> _Your task_: Looking at the listing below, retype exactly the lines starting at the one containing "If the bulls" and ending at the one containing "Yummy House Fermented", both included, and nothing else.

============

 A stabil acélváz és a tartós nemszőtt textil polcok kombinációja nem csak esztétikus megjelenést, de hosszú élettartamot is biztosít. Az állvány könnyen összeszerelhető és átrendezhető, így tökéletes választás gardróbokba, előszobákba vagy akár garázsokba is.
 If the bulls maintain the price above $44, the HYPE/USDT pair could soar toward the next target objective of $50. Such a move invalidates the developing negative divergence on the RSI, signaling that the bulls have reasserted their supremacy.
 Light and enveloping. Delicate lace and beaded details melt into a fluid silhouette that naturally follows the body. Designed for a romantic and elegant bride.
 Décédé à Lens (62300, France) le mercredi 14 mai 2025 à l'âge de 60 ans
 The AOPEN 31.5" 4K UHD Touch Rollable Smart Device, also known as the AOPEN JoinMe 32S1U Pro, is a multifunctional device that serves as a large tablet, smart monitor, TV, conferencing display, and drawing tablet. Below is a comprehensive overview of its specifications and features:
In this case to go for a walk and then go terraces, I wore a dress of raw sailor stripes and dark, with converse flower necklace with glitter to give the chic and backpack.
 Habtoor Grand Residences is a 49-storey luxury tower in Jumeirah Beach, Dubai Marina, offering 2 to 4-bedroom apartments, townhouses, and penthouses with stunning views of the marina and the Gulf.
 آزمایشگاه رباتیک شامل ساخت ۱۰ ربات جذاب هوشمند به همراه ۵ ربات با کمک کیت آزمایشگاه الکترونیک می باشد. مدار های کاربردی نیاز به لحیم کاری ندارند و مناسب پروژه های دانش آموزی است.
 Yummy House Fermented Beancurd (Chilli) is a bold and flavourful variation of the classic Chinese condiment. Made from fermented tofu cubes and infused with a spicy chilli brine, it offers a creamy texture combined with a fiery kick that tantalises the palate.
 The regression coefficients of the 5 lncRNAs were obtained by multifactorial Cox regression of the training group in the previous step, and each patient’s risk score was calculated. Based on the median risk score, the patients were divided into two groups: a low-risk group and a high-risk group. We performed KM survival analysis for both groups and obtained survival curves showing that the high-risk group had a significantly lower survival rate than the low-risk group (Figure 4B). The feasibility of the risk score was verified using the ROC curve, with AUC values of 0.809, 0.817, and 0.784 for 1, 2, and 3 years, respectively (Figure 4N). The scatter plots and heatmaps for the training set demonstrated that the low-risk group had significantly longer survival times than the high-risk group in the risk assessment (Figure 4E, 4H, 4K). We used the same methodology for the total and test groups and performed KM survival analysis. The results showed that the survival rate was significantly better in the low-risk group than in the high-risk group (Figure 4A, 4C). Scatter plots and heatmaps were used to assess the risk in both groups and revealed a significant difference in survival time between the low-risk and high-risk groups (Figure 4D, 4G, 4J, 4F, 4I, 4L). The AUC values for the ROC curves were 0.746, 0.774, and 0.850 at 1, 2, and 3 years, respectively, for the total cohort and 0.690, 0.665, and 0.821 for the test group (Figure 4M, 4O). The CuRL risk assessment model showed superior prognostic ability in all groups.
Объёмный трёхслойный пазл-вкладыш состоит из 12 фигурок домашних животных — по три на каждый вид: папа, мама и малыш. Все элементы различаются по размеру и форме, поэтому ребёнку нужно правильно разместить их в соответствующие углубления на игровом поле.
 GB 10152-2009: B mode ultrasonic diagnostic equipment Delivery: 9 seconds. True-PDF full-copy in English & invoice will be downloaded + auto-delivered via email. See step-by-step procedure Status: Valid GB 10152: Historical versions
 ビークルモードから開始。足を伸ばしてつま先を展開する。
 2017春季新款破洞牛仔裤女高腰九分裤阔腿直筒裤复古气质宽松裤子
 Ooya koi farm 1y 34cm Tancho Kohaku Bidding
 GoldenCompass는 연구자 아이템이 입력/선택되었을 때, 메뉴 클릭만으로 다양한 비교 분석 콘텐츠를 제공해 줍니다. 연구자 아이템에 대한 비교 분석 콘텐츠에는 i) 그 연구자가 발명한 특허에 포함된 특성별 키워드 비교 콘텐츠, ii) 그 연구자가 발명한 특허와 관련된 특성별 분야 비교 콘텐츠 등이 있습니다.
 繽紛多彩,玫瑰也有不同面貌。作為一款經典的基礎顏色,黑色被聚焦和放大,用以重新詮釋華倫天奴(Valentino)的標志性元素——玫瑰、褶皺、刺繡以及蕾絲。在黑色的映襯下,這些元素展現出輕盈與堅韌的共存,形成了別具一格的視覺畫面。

============

> _Output for this task_:
 If the bulls maintain the price above $44, the HYPE/USDT pair could soar toward the next target objective of $50. Such a move invalidates the developing negative divergence on the RSI, signaling that the bulls have reasserted their supremacy.
 Light and enveloping. Delicate lace and beaded details melt into a fluid silhouette that naturally follows the body. Designed for a romantic and elegant bride.
 Décédé à Lens (62300, France) le mercredi 14 mai 2025 à l'âge de 60 ans
 The AOPEN 31.5" 4K UHD Touch Rollable Smart Device, also known as the AOPEN JoinMe 32S1U Pro, is a multifunctional device that serves as a large tablet, smart monitor, TV, conferencing display, and drawing tablet. Below is a comprehensive overview of its specifications and features:
In this case to go for a walk and then go terraces, I wore a dress of raw sailor stripes and dark, with converse flower necklace with glitter to give the chic and backpack.
 Habtoor Grand Residences is a 49-storey luxury tower in Jumeirah Beach, Dubai Marina, offering 2 to 4-bedroom apartments, townhouses, and penthouses with stunning views of the marina and the Gulf.
 آزمایشگاه رباتیک شامل ساخت ۱۰ ربات جذاب هوشمند به همراه ۵ ربات با کمک کیت آزمایشگاه الکترونیک می باشد. مدار های کاربردی نیاز به لحیم کاری ندارند و مناسب پروژه های دانش آموزی است.
 Yummy House Fermented Beancurd (Chilli) is a bold and flavourful variation of the classic Chinese condiment. Made from fermented tofu cubes and infused with a spicy chilli brine, it offers a creamy texture combined with a fiery kick that tantalises the palate.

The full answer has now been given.